Provided entries:
:::

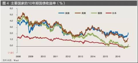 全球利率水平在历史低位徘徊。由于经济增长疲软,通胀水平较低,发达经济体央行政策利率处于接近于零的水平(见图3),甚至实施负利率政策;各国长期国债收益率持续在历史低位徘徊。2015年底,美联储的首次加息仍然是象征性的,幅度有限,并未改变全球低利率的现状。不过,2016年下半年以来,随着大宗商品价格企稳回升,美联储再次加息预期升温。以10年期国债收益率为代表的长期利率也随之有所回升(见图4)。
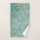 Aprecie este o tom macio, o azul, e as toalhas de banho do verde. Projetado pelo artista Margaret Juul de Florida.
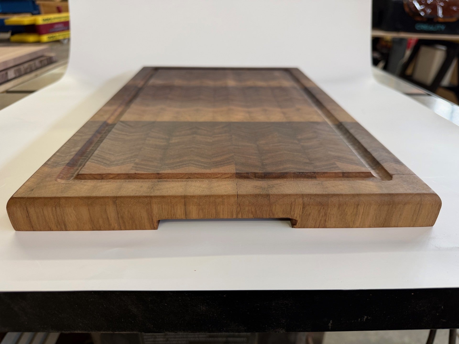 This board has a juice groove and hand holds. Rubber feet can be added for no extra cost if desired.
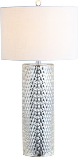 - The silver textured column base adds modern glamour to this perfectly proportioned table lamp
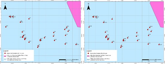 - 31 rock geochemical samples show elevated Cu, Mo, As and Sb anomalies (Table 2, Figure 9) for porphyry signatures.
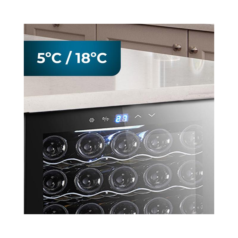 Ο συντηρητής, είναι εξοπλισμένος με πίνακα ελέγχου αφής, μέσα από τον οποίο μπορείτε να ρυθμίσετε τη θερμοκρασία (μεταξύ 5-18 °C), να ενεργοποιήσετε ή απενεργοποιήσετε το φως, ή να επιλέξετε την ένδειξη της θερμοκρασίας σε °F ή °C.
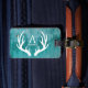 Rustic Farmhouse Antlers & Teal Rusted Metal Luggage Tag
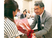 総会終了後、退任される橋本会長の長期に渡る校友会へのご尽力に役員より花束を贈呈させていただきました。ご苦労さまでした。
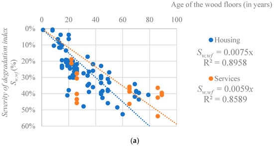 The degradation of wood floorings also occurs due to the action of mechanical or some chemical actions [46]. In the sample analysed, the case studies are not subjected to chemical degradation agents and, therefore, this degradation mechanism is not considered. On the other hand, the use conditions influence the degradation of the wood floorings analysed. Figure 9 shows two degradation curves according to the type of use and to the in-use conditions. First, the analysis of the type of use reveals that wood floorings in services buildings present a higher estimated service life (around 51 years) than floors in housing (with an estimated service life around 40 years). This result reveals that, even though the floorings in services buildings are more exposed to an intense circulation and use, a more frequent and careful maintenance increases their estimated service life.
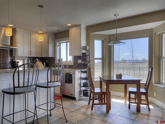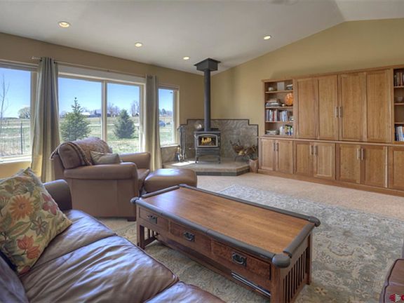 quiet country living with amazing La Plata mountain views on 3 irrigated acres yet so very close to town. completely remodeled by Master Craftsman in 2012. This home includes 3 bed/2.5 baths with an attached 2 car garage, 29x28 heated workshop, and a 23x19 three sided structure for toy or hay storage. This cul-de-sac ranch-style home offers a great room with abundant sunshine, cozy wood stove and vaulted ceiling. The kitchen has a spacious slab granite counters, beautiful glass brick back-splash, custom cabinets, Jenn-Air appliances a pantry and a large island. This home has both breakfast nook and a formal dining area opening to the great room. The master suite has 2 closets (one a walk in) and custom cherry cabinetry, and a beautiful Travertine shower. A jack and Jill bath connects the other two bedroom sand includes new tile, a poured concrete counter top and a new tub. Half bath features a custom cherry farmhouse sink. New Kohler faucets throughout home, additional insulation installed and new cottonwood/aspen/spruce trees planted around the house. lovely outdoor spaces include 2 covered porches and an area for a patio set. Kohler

:::

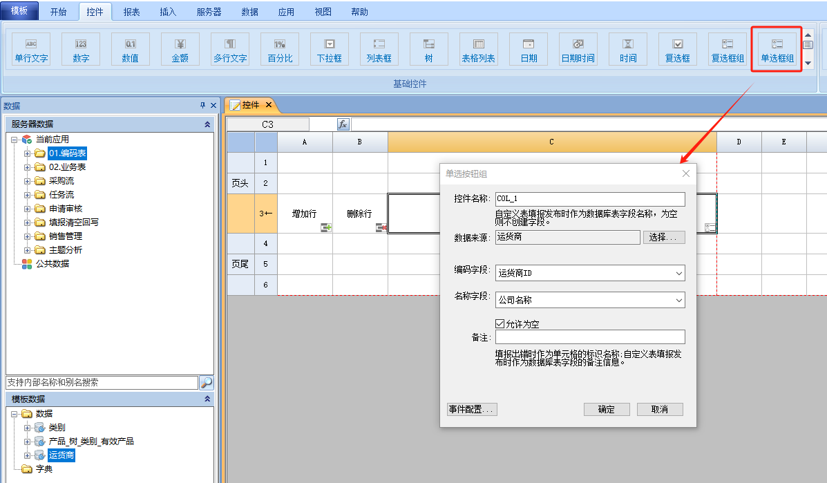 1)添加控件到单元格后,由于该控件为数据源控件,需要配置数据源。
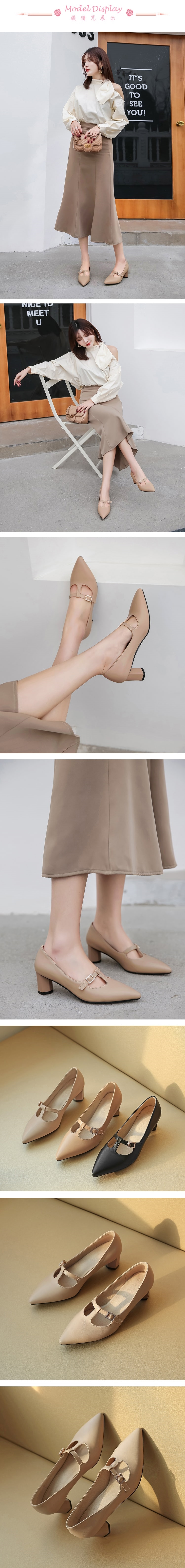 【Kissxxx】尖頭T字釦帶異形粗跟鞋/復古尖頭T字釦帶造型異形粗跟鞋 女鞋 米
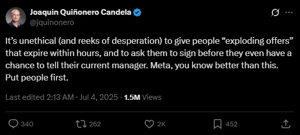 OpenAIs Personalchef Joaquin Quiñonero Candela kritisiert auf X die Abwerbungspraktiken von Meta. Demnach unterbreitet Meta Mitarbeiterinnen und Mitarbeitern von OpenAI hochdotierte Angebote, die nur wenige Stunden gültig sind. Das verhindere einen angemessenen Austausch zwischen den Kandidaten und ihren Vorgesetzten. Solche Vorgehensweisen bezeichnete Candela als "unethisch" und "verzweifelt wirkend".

:::

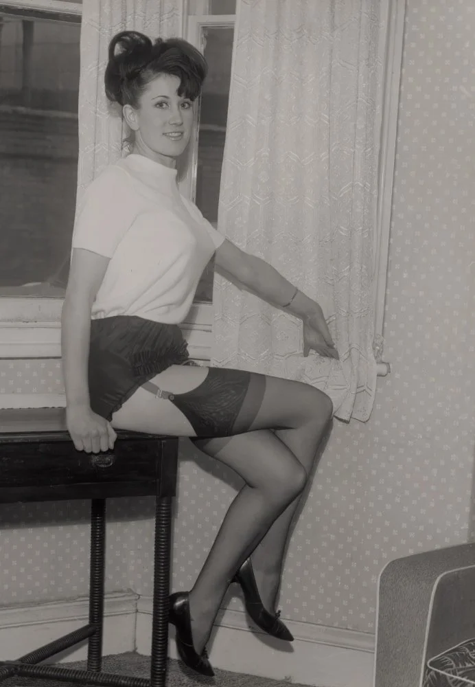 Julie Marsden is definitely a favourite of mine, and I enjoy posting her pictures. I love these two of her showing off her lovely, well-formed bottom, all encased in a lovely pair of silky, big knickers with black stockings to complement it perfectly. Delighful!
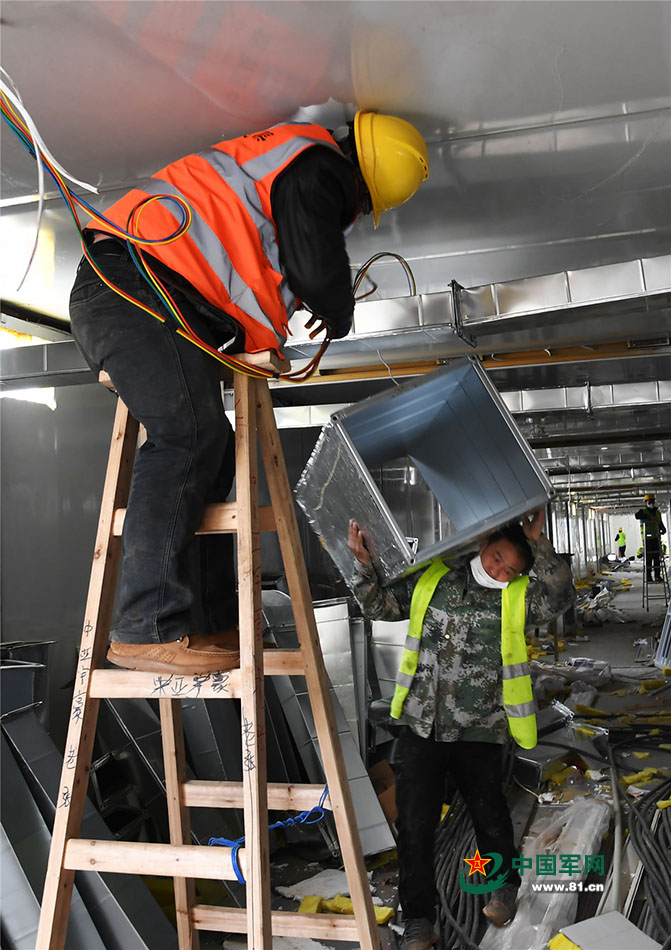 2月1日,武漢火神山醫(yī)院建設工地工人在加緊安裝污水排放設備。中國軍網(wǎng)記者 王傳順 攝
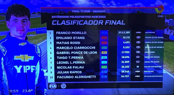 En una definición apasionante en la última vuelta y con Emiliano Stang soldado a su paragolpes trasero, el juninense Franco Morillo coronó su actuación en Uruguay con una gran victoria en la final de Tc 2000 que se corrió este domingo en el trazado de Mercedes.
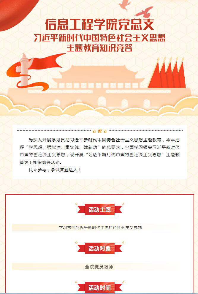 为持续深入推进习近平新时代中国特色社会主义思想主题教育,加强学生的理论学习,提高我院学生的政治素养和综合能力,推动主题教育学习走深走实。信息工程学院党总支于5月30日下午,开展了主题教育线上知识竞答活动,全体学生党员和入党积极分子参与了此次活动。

:::

In the records above, find the line with "- The silver" and the line with "The degradation of wood". Write out exactly those lines and every one between, with no pictures and no other lines.

Completed exercise:
 - The silver textured column base adds modern glamour to this perfectly proportioned table lamp
 - 31 rock geochemical samples show elevated Cu, Mo, As and Sb anomalies (Table 2, Figure 9) for porphyry signatures.
 Ο συντηρητής, είναι εξοπλισμένος με πίνακα ελέγχου αφής, μέσα από τον οποίο μπορείτε να ρυθμίσετε τη θερμοκρασία (μεταξύ 5-18 °C), να ενεργοποιήσετε ή απενεργοποιήσετε το φως, ή να επιλέξετε την ένδειξη της θερμοκρασίας σε °F ή °C.
 Rustic Farmhouse Antlers & Teal Rusted Metal Luggage Tag
 総会終了後、退任される橋本会長の長期に渡る校友会へのご尽力に役員より花束を贈呈させていただきました。ご苦労さまでした。
 The degradation of wood floorings also occurs due to the action of mechanical or some chemical actions [46]. In the sample analysed, the case studies are not subjected to chemical degradation agents and, therefore, this degradation mechanism is not considered. On the other hand, the use conditions influence the degradation of the wood floorings analysed. Figure 9 shows two degradation curves according to the type of use and to the in-use conditions. First, the analysis of the type of use reveals that wood floorings in services buildings present a higher estimated service life (around 51 years) than floors in housing (with an estimated service life around 40 years). This result reveals that, even though the floorings in services buildings are more exposed to an intense circulation and use, a more frequent and careful maintenance increases their estimated service life.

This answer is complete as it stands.